**Work order:** Give back exactly the lines of the data below, starting with the line that has "Данный аксессуар не" and going on through the line that has "battery pack voltage.".

**Provided records:**
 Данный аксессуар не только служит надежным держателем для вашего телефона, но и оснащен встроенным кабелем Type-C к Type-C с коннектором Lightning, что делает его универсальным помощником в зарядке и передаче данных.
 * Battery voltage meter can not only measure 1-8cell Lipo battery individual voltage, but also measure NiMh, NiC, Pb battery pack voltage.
--
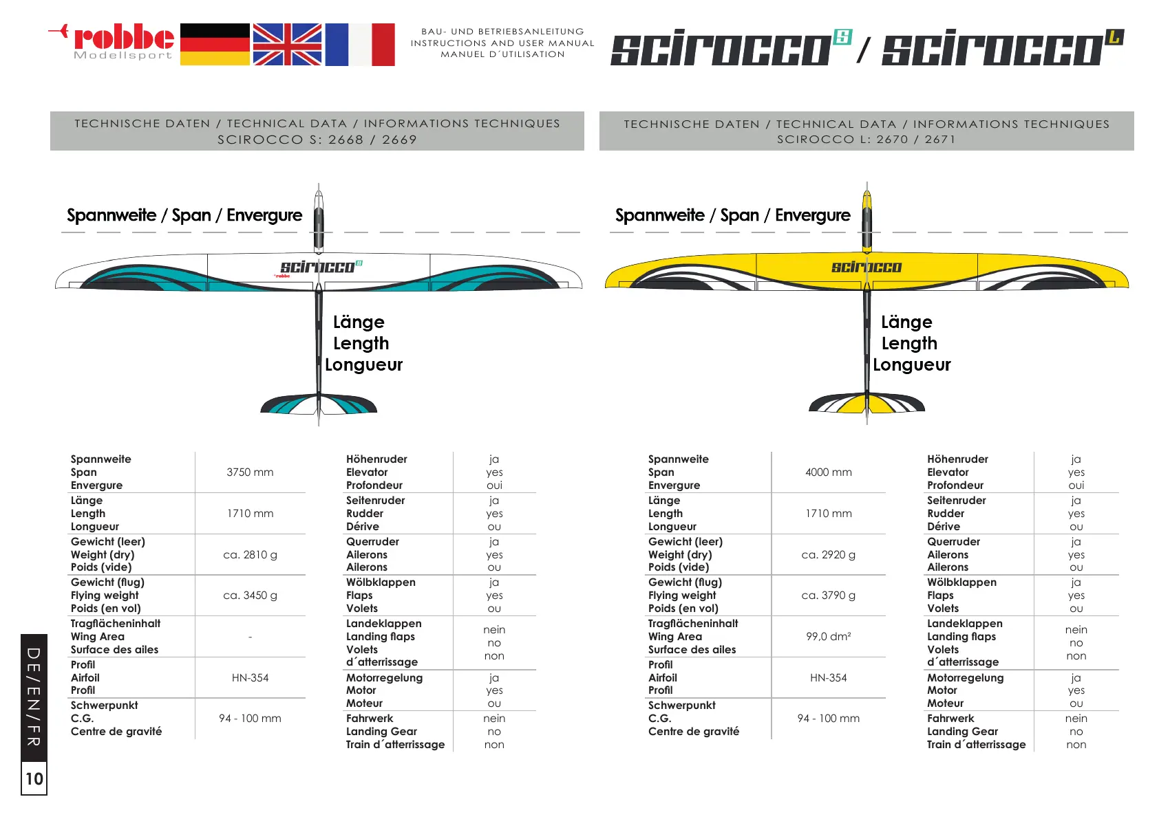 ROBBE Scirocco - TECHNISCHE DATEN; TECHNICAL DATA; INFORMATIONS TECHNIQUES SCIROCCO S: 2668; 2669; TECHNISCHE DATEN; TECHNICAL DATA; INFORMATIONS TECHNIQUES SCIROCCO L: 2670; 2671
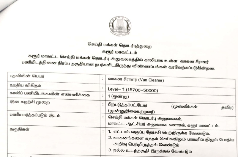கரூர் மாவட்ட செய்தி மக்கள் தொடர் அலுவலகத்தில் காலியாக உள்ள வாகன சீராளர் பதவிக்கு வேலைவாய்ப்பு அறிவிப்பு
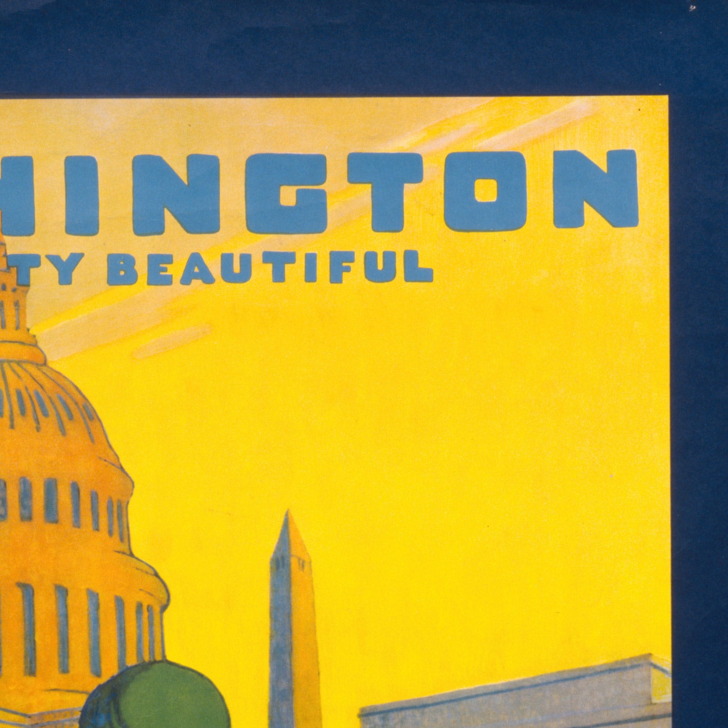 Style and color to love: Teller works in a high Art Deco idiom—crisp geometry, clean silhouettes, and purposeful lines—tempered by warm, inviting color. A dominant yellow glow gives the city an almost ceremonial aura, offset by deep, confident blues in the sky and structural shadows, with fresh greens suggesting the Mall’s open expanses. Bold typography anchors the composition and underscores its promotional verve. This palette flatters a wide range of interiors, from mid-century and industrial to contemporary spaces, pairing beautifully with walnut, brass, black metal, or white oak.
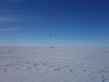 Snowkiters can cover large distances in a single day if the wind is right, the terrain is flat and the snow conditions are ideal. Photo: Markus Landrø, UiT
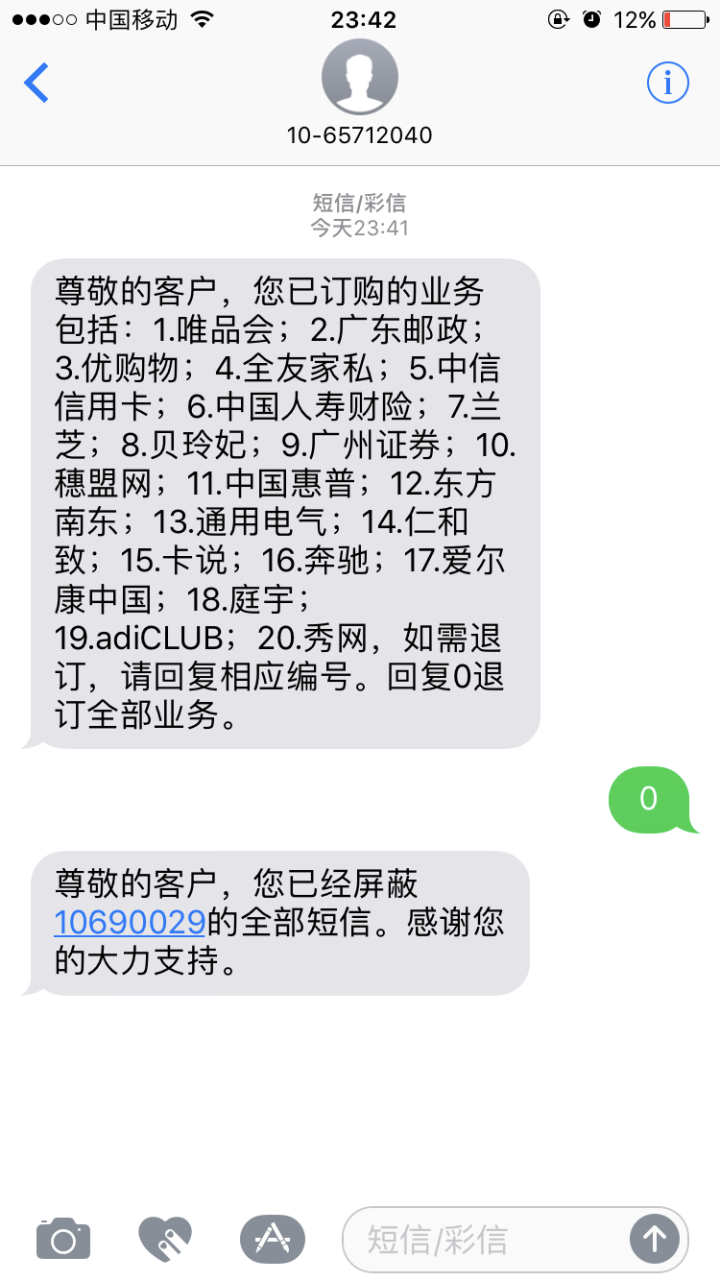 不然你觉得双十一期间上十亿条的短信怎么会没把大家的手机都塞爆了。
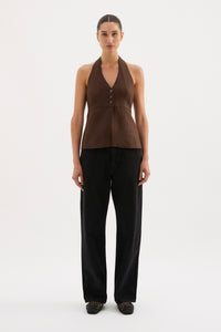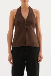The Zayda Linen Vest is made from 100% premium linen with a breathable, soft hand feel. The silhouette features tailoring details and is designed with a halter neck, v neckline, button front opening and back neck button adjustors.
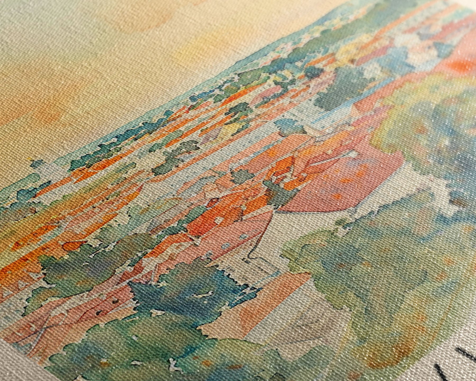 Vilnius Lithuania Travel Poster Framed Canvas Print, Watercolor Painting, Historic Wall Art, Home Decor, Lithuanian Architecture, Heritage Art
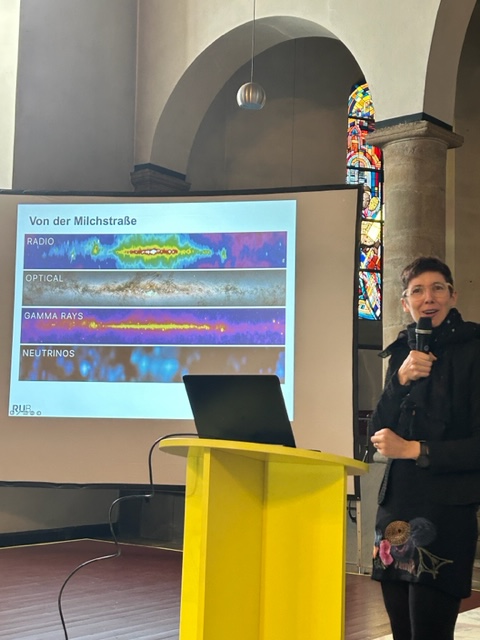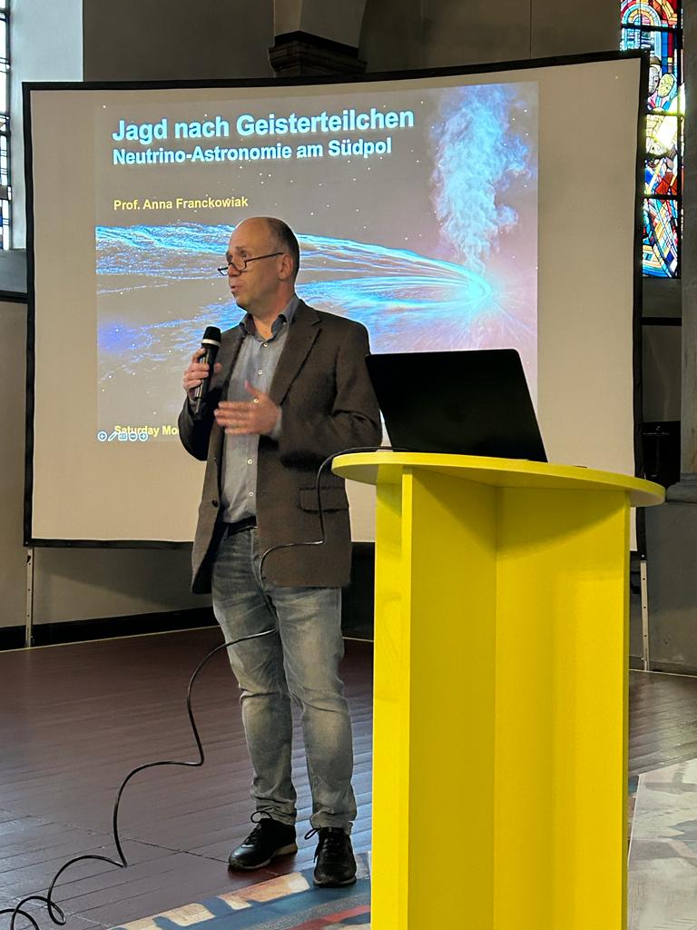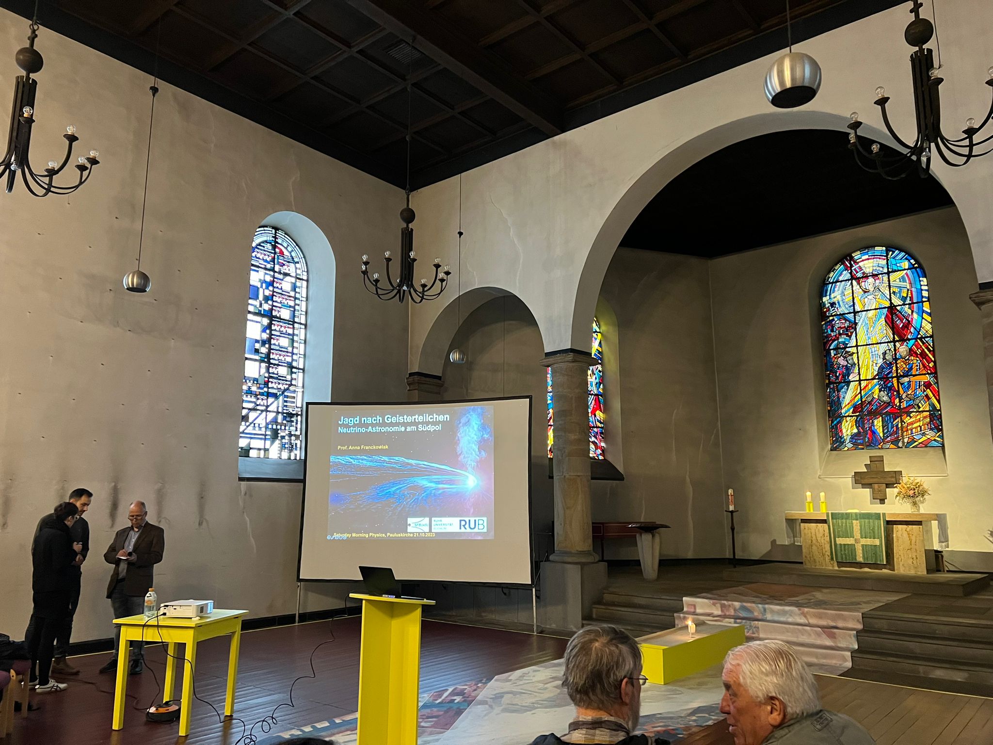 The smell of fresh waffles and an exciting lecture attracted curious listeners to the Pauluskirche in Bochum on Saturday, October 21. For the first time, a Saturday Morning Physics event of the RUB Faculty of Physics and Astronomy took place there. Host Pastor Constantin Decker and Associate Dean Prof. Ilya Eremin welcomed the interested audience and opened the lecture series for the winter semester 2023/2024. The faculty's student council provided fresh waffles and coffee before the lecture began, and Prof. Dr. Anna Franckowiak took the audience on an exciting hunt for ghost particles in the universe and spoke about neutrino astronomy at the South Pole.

**Answer box:**
 Данный аксессуар не только служит надежным держателем для вашего телефона, но и оснащен встроенным кабелем Type-C к Type-C с коннектором Lightning, что делает его универсальным помощником в зарядке и передаче данных.
 * Battery voltage meter can not only measure 1-8cell Lipo battery individual voltage, but also measure NiMh, NiC, Pb battery pack voltage.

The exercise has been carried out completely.